Читайте также: |
|
Десятый Конгресс ООН по предотвращению и классификации преступлений (Вена, 10-17 апреля 2000 г.) категоризировал пять видов компьютерных преступлений: несанкционированный доступ, повреждение компьютерных данных и программ, саботаж (препятствие функционированию) компьютерной системы или сети, несанкционированный перехват данных (посылаемых, получаемых, циркулирующих в системе или сети), компьютерный шпионаж.
Генеральный секретариат Интерпола предложил кодификатор для автоматизированной системы поиска, доступный правоохранительным органам более 100 стран. Перечень преступлений, включенных в кодификатор в качестве компьютерных, отличается по структуре и составу от перечня, представленного в статьях главы 28 УК РФ, но отражает расширительное толкование компьютерных преступлений за рубежом. Коды компьютерных преступлений начинаются с буквы Q, дополнительные буквы кодируют подчиненные виды преступлений в порядке убывания значимости.
• QA - несанкционированный доступ (access) к информации и перехват:
QAH - несанкционированный доступ со взломом (access + hacking) в компьютер или сеть к компьютерной информации;
QAI - несанкционированный перехват (interception) при помощи технических средств через внешние коммуникационные каналы системы, путем непосредственного подключения к лини-,ям периферийных устройств (объектами подслушивания являются кабельные и проводные системы, наземные СВЧ системы, системы спутниковой связи, специальные системы правительственной связи) или с помощью электромагнитного перехвата (electromagnetic pickup) излучения центрального процессора, дисплея, коммуникационных каналов, принтера и т.д., находясь на удалении от объекта перехвата без непосредственного подключения к компьютерной системе;
QAT - кража времени (связи), незаконное использование компьютерной системы или сети с намерением неуплаты, например, после овладения чужими паролями доступа к сети;
QAZ - прочие виды несанкционированного доступа и перехвата.

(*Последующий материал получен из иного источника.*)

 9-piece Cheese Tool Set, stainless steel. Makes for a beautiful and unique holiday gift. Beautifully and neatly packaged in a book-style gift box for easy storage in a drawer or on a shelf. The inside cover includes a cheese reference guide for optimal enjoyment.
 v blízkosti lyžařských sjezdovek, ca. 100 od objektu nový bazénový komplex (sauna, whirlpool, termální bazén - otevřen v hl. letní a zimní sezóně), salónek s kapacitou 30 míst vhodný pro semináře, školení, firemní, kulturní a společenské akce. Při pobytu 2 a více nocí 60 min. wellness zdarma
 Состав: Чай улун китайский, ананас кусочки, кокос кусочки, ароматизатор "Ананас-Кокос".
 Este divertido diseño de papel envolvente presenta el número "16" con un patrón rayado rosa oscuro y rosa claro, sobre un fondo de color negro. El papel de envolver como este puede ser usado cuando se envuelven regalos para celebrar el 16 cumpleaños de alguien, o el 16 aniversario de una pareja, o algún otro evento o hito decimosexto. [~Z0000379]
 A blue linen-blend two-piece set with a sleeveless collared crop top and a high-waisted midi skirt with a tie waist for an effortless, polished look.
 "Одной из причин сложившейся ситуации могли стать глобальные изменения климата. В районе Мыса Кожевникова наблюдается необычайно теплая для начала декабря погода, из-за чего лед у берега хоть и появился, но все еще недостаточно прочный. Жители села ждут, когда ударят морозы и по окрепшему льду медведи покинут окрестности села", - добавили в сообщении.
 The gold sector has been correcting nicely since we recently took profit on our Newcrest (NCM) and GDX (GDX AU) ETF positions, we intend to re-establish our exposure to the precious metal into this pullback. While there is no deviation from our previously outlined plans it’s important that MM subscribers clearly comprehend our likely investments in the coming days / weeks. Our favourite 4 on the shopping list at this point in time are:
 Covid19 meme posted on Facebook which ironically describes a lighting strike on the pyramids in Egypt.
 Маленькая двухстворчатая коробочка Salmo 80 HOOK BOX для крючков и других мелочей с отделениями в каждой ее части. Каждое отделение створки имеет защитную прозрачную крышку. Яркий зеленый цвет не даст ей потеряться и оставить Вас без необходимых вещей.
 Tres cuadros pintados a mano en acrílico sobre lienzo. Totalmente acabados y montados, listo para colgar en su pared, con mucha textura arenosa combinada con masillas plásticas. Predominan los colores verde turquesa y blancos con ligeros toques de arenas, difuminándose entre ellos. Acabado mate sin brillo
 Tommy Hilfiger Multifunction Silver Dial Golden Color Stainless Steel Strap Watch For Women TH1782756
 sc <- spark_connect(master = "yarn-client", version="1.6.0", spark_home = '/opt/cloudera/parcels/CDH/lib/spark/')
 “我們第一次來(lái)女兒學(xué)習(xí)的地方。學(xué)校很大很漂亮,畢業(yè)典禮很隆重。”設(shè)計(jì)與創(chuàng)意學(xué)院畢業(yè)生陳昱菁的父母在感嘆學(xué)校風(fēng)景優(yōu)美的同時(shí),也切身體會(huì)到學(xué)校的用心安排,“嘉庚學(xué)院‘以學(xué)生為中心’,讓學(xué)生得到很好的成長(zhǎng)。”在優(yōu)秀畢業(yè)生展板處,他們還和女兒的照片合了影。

• QD - изменение компьютерных данных вследствие действия
вирусов:
QDL - логическая бомба; QDT - троянский конь; QDV - компьютерный вирус; QDW - компьютерный червь; QDZ - прочие виды.
• QF - компьютерное мошенничество (fraud) и хищение де
нежных средств:
QFC - связанное с хищением наличных денег из банкоматов;
QFF - компьютерная подделка (мошенничество и хищение из компьютерных систем путем создания поддельных устройств, например, карт, ключей и пр.);
QFG - связанное с игровыми автоматами;
QFM - манипуляции с программами ввода-вывода (мошенничество и хищение посредством неверного ввода данных в компьютерные системы или вывода их путем манипуляции программами, подмены кода данных при вводе-выводе);
QFP - связанное с платежными системами;
QFT - телефонное мошенничество (доступ к телекоммуникационным услугам путем посягательства на протоколы и процедуры компьютеров, обслуживающих телефонные системы);
QFZ - прочие компьютерные мошенничества.
• QR - незаконное копирование или воспроизводство инфор
мации, защищенной авторским правом:
QRG - незаконное копирование, распространение или опубликование компьютерных игр (games);
QRS - то же для другого программного обеспечения;
QRT - незаконное копирование топологии полупроводниковых изделий или самого полупроводникового изделия, произведенного с использованием данной топологии, коммерческая эксплуатация или импорт;
QRZ - прочее незаконное копирование.
• QS - нарушение работы компьютерных систем (саботаж): QSH - вмешательство в работу компьютерных систем с использованием аппаратного обеспечения: ввод, изменение, уничтожение, блокирование компьютерных данных или программ; с намерением помешать функционированию компьютерной или телекоммуникационной системы;
QSS - несанкционированное нарушение работы программного обеспечения (software): стирание, повреждение или блокирование (подавление) компьютерных данных или программ; QSZ - прочие виды саботажа. • QZ - прочие компьютерные преступления: QZB - использование глобальных сетей, средств размещения и обмена сообщениями (например, досок объявлений BBS) для хранения, обмена и распространения материалов, имеющих отношение к преступной деятельности;
QZE - хищение, незаконное приобретение и несанкционированная передача информации, составляющей коммерческую тайну, с намерением причинить экономический ущерб или получить незаконные экономические преимущества;
QZS - использование компьютерных систем или сетей для незаконного хранения, обмена, распространения или перемещения конфиденциальной информации;
QZZ - прочие компьютерные преступления.
Приложение 2
Сайты по компьютерным преступлениям и защите информации
T
www.cert.org и www.cert.ru - Центр реагирования на компьютерные инциденты (Computer Emergency Response Team, CERT, букв. - группа компьютерной скорой помощи), организация предупреждения и изучения угроз безопасности компьютеров в локальных сетях и Интернете.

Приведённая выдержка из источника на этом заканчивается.